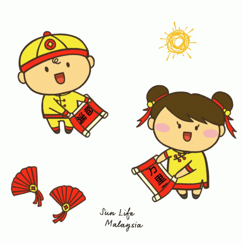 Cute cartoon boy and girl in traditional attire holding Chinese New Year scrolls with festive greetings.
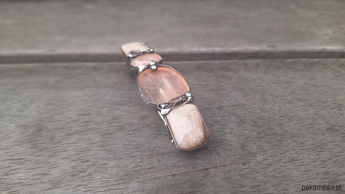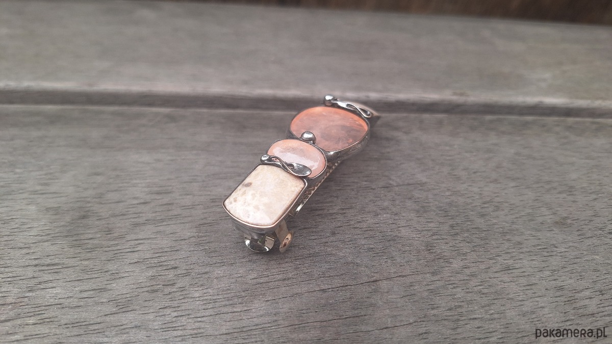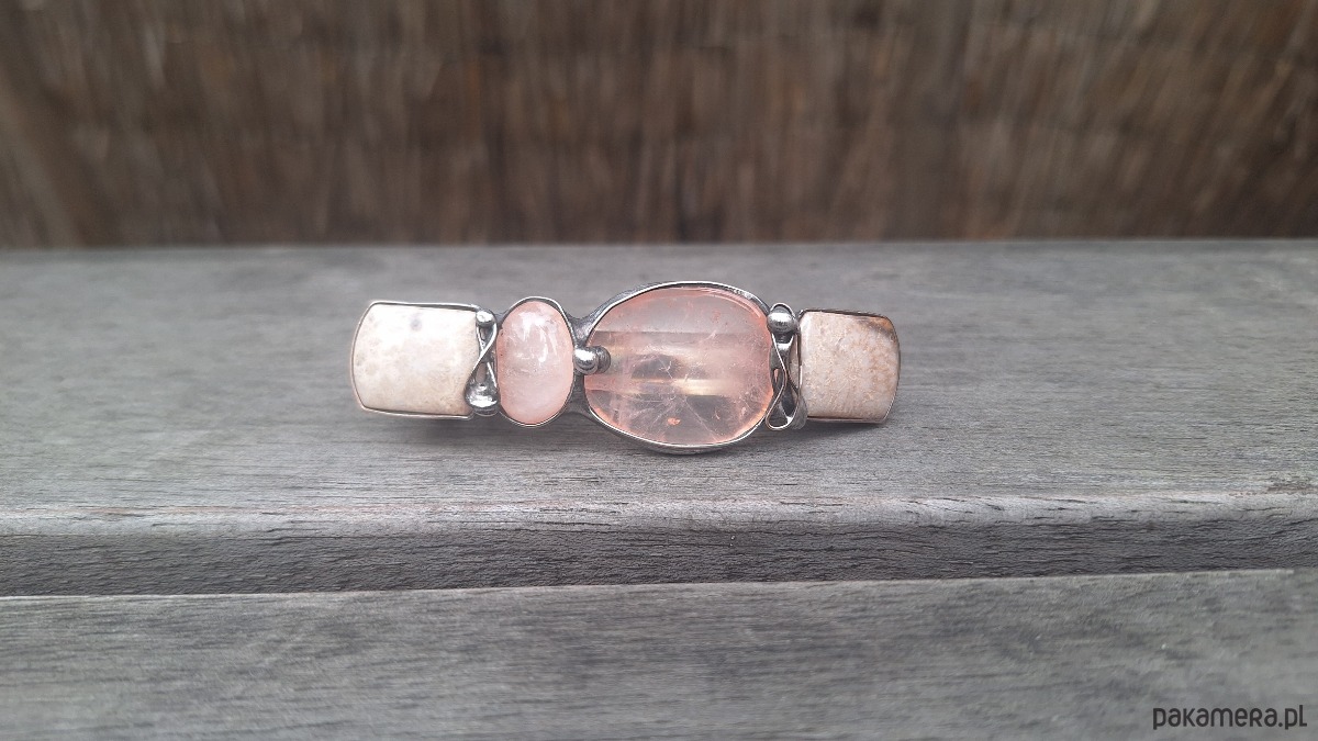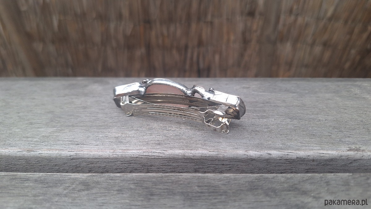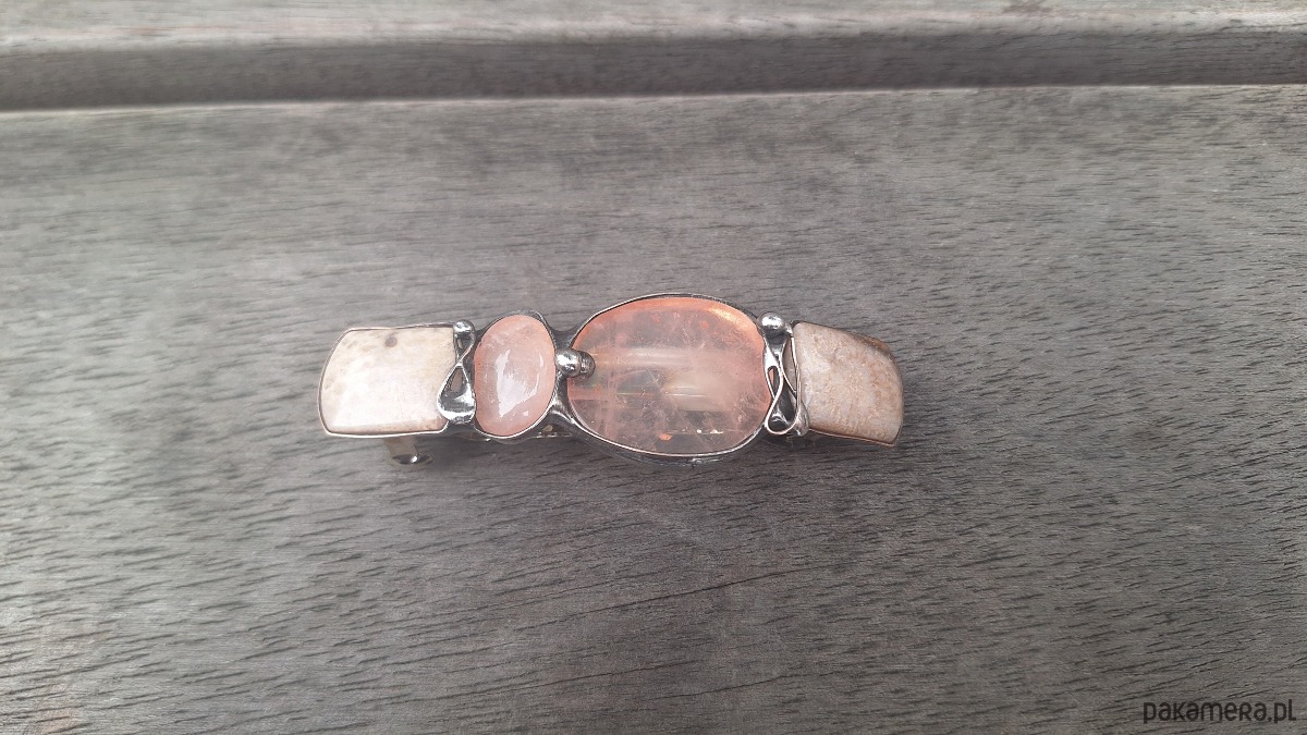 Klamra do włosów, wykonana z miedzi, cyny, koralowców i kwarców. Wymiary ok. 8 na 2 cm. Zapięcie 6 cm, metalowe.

- - -

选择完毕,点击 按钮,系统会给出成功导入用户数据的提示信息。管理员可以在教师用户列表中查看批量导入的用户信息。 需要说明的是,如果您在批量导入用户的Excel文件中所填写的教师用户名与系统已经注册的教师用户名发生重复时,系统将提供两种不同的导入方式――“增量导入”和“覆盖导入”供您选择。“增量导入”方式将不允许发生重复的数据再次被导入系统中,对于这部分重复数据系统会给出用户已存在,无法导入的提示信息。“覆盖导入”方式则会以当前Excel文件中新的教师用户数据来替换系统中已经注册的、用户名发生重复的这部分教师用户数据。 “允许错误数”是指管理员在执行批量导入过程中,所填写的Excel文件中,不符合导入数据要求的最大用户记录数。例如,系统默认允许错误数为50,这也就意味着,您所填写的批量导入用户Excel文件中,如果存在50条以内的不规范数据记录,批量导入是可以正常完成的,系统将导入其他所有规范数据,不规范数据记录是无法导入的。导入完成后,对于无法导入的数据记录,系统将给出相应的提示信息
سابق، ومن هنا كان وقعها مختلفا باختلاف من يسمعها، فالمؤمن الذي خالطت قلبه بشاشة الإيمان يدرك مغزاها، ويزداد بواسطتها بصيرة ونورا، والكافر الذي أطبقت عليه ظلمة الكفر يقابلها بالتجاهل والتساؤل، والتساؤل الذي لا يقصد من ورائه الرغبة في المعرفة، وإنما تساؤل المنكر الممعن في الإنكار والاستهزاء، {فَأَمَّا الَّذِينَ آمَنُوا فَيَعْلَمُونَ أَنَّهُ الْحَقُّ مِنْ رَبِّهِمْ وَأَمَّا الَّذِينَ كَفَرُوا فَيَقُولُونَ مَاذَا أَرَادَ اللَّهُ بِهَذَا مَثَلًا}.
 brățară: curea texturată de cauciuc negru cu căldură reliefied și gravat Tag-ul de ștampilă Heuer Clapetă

- - -

EXERCISE: Starting at the line that has "سابق، ومن هنا" and ending at the line that has "brățară: curea texturată", please write out the lines above exactly, leaving out all others.

YOUR SOLUTION:
سابق، ومن هنا كان وقعها مختلفا باختلاف من يسمعها، فالمؤمن الذي خالطت قلبه بشاشة الإيمان يدرك مغزاها، ويزداد بواسطتها بصيرة ونورا، والكافر الذي أطبقت عليه ظلمة الكفر يقابلها بالتجاهل والتساؤل، والتساؤل الذي لا يقصد من ورائه الرغبة في المعرفة، وإنما تساؤل المنكر الممعن في الإنكار والاستهزاء، {فَأَمَّا الَّذِينَ آمَنُوا فَيَعْلَمُونَ أَنَّهُ الْحَقُّ مِنْ رَبِّهِمْ وَأَمَّا الَّذِينَ كَفَرُوا فَيَقُولُونَ مَاذَا أَرَادَ اللَّهُ بِهَذَا مَثَلًا}.
 brățară: curea texturată de cauciuc negru cu căldură reliefied și gravat Tag-ul de ștampilă Heuer Clapetă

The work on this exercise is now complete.